Task details:
Print every entry below again exactly as written, skipping the pictures.

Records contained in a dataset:
========================================================================

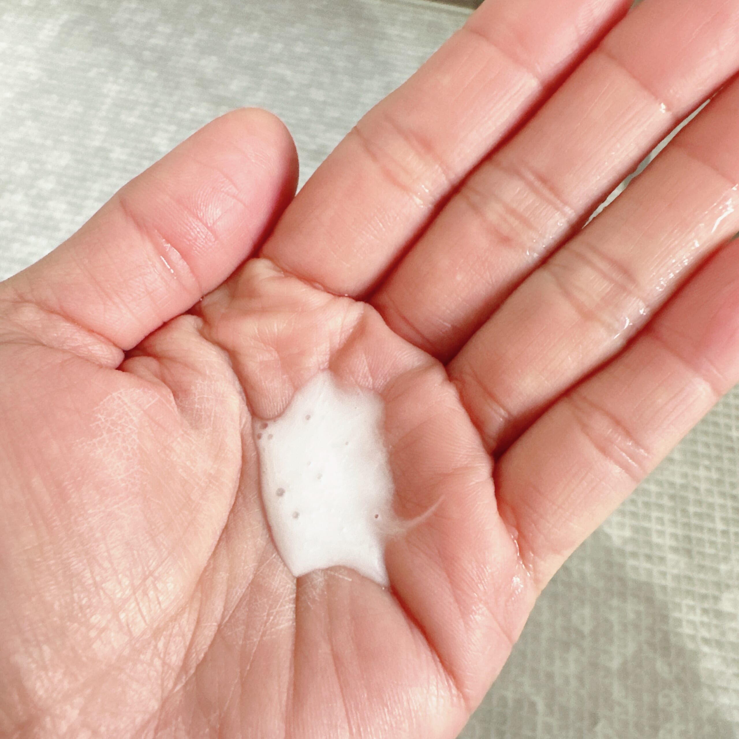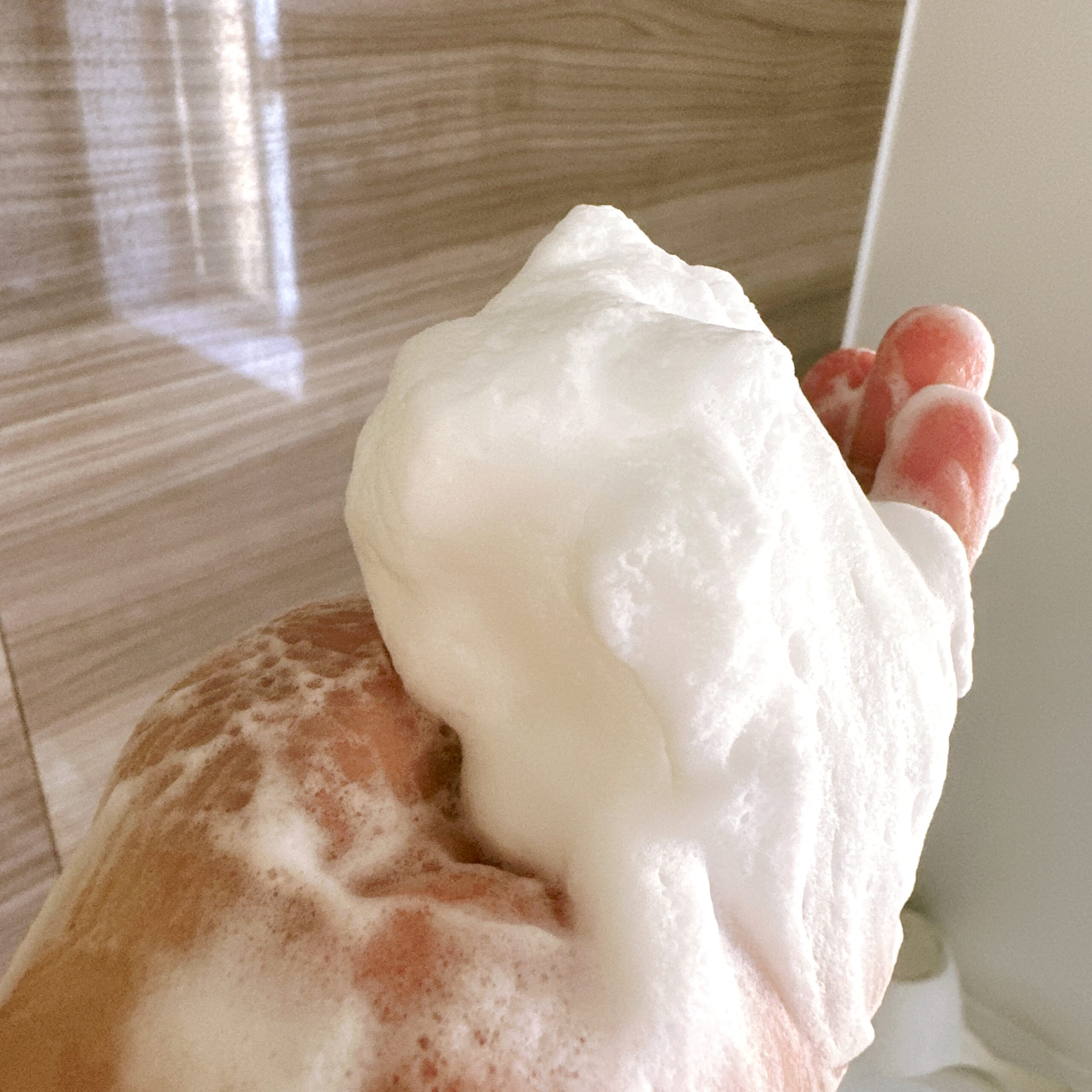 液体タイプを泡立ててみましたが、この量でこんなにもこもこになりました!
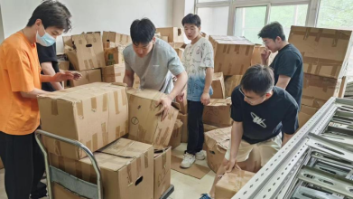 活动开始,两支党支部成员在现场负责人简要分工安排下迅速投入工作,整体队伍分为两组:一组负责将图书馆一楼存放的图书搬运至五楼,另一组则在五楼对图书进行整理、分类与上架,确保图书摆放有序,方便后续读者查阅和借阅。尽管图书数量众多、搬运任务繁重,但全体志愿者不怕脏、不怕累,始终以饱满的热情投入劳动中,现场呈现出一派忙碌而有序的景象。
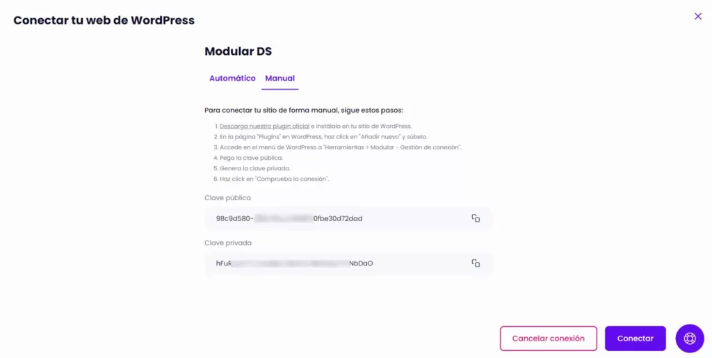 - Conectar la web de manera manual. Si prefieres instalar tú el plugin de Modular desde el repo oficial, una vez que lo activas, simplemente tendrás que añadir las dos claves que te indica para poder realizar la conexión de la web en “Herramientas > Modular – Gestor de conexión”.
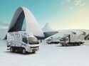 In Kitsuregawa bekommen wir exklusiv die Gelegenheit, die Kabine des Fuso eCanter zu entern. Dabei fällt sofort der neue Innenraum mit wertigeren Materialien und netten Designdetails in Hochvolt-Orange auf. Der Fahrer darf sich über Sitz-, Lenkrad- und Frontscheibenheizung freuen. Als Testfahrzeuge stehen drei Varianten bereit: Ein Kipper mit sechs Tonnen Gesamtgewicht, ein Kühlkoffer (7,5 Tonnen) sowie ein Flügelaufbau mit acht Tonnen (siehe links). Wir schnappen uns direkt den kleinen Kipper. Schon beim ersten Tritt aufs Gaspedal überrascht der eCanter. Es geht richtig flott voran mit 110 kW und satten 430 Nm, aber schließlich müssen hier mit einem Batteriemodul (39 kWh netto, 70 km) gerade einmal 2,5 Tonnen Leergewicht beschleunigt werden. Der Wendekreis von 10,8 Meter von Wand zu Wand mit kleinstem Radstand (2,5 Meter) würde auch gut in süditalienische Innenstädte passen. In der Maximalvariante (8,55 t zGG) bietet der eCanter gut vier Tonnen Nutzlast, 129 kW/430 Nm und mit größter Batterie (116 kWh netto) immerhin 200 Kilometer Reichweite.
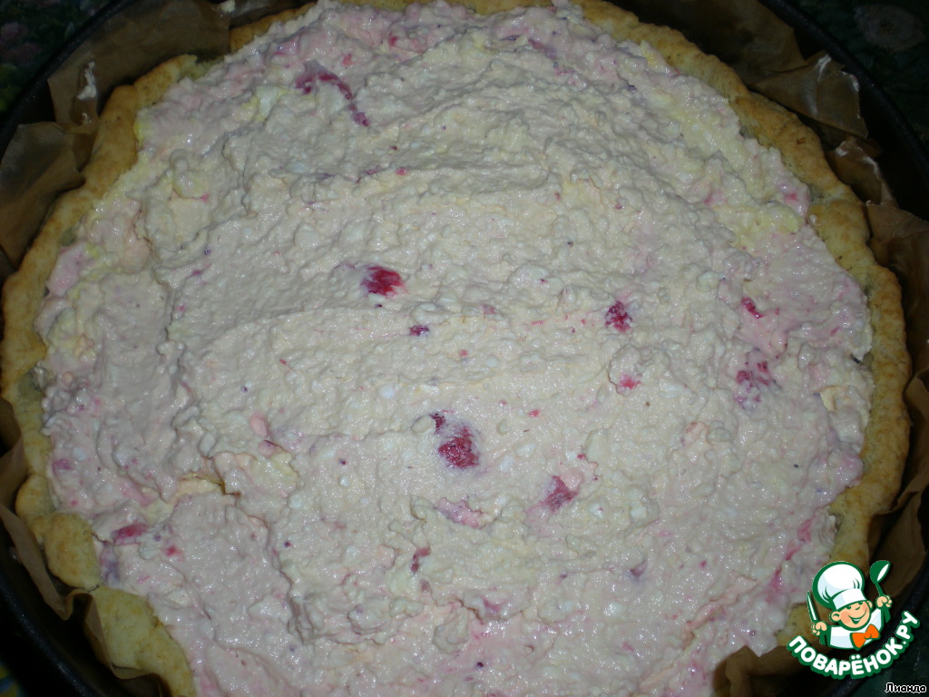 Тесто достаньте из духовки, уберите горох. Аккуратно разместите творог в "корзинке" и разровняйте его. Поставьте пирог еще минут на 30 в духовку.
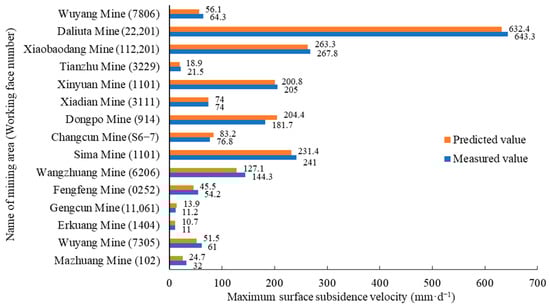 The predicted and measured values of the surface maximum subsidence velocity in 15 mining areas under different methods.
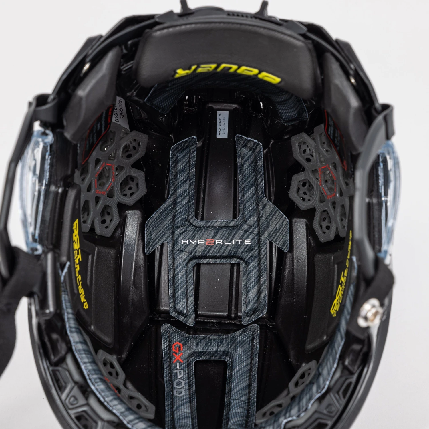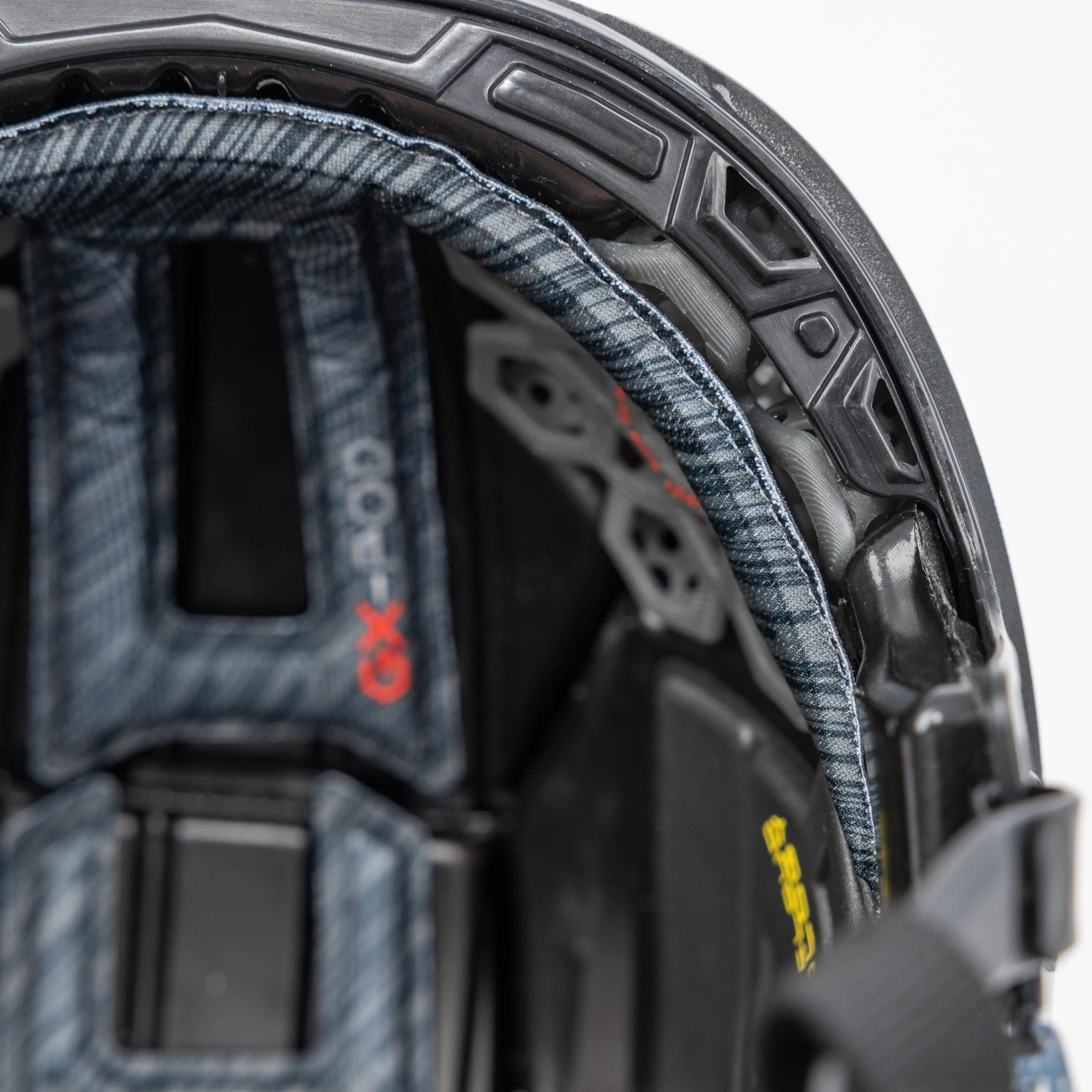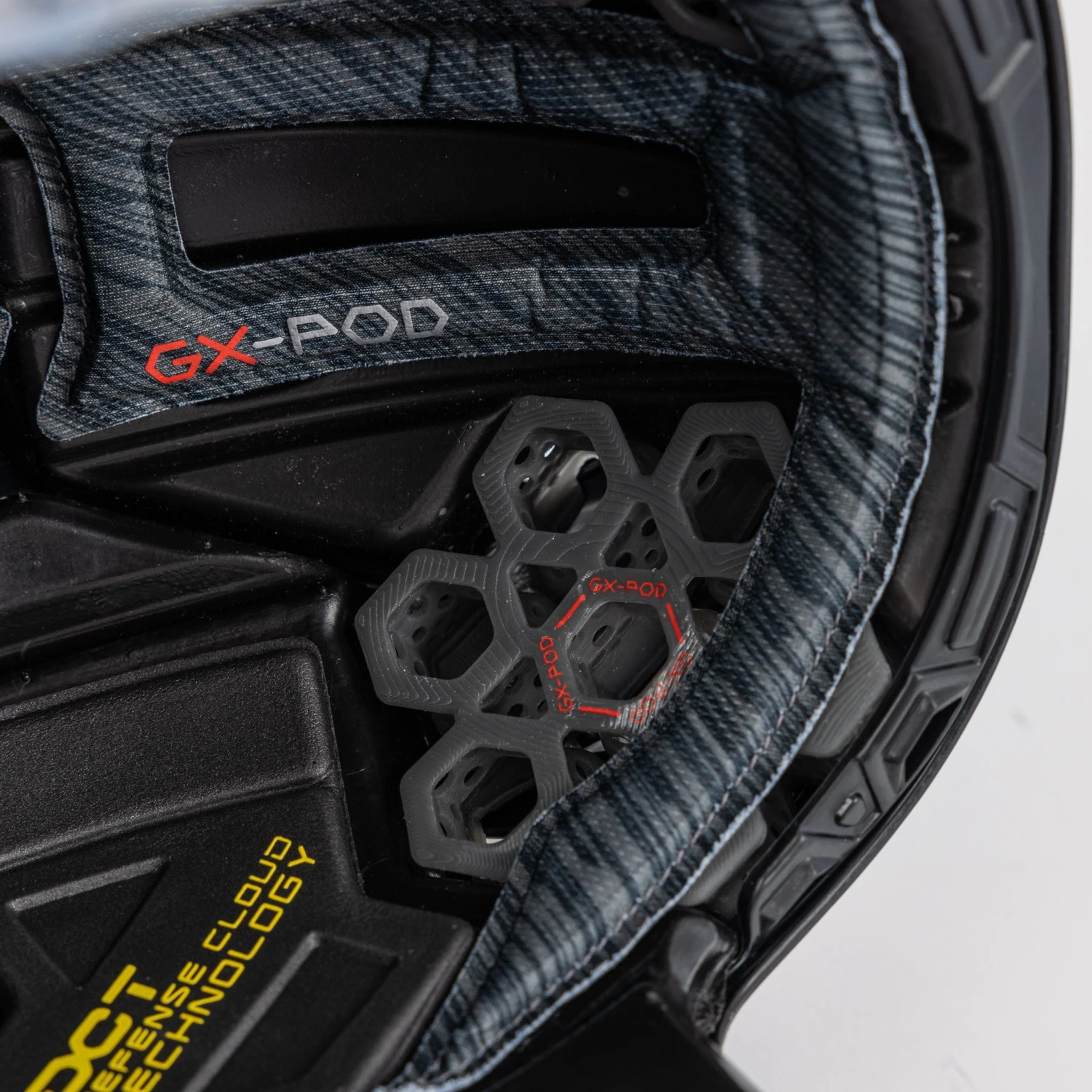 Bauer’s biggest innovation for this helmet lies in the inside of the helmet along the liner. Strategically positioned GX-Cell pods are 3D-printed pods and meticulously designed to maximize energy absorption in areas most prone to impacts, offering unparalleled protection against head injuries. These advanced pods focus on mitigating the force of rotational impacts for better safety on the ice, in addition to featuring integrated air channels for better ventilation.

========================================================================

Result:
 液体タイプを泡立ててみましたが、この量でこんなにもこもこになりました!
 活动开始,两支党支部成员在现场负责人简要分工安排下迅速投入工作,整体队伍分为两组:一组负责将图书馆一楼存放的图书搬运至五楼,另一组则在五楼对图书进行整理、分类与上架,确保图书摆放有序,方便后续读者查阅和借阅。尽管图书数量众多、搬运任务繁重,但全体志愿者不怕脏、不怕累,始终以饱满的热情投入劳动中,现场呈现出一派忙碌而有序的景象。
 - Conectar la web de manera manual. Si prefieres instalar tú el plugin de Modular desde el repo oficial, una vez que lo activas, simplemente tendrás que añadir las dos claves que te indica para poder realizar la conexión de la web en “Herramientas > Modular – Gestor de conexión”.
 In Kitsuregawa bekommen wir exklusiv die Gelegenheit, die Kabine des Fuso eCanter zu entern. Dabei fällt sofort der neue Innenraum mit wertigeren Materialien und netten Designdetails in Hochvolt-Orange auf. Der Fahrer darf sich über Sitz-, Lenkrad- und Frontscheibenheizung freuen. Als Testfahrzeuge stehen drei Varianten bereit: Ein Kipper mit sechs Tonnen Gesamtgewicht, ein Kühlkoffer (7,5 Tonnen) sowie ein Flügelaufbau mit acht Tonnen (siehe links). Wir schnappen uns direkt den kleinen Kipper. Schon beim ersten Tritt aufs Gaspedal überrascht der eCanter. Es geht richtig flott voran mit 110 kW und satten 430 Nm, aber schließlich müssen hier mit einem Batteriemodul (39 kWh netto, 70 km) gerade einmal 2,5 Tonnen Leergewicht beschleunigt werden. Der Wendekreis von 10,8 Meter von Wand zu Wand mit kleinstem Radstand (2,5 Meter) würde auch gut in süditalienische Innenstädte passen. In der Maximalvariante (8,55 t zGG) bietet der eCanter gut vier Tonnen Nutzlast, 129 kW/430 Nm und mit größter Batterie (116 kWh netto) immerhin 200 Kilometer Reichweite.
 Тесто достаньте из духовки, уберите горох. Аккуратно разместите творог в "корзинке" и разровняйте его. Поставьте пирог еще минут на 30 в духовку.
 The predicted and measured values of the surface maximum subsidence velocity in 15 mining areas under different methods.
 Bauer’s biggest innovation for this helmet lies in the inside of the helmet along the liner. Strategically positioned GX-Cell pods are 3D-printed pods and meticulously designed to maximize energy absorption in areas most prone to impacts, offering unparalleled protection against head injuries. These advanced pods focus on mitigating the force of rotational impacts for better safety on the ice, in addition to featuring integrated air channels for better ventilation.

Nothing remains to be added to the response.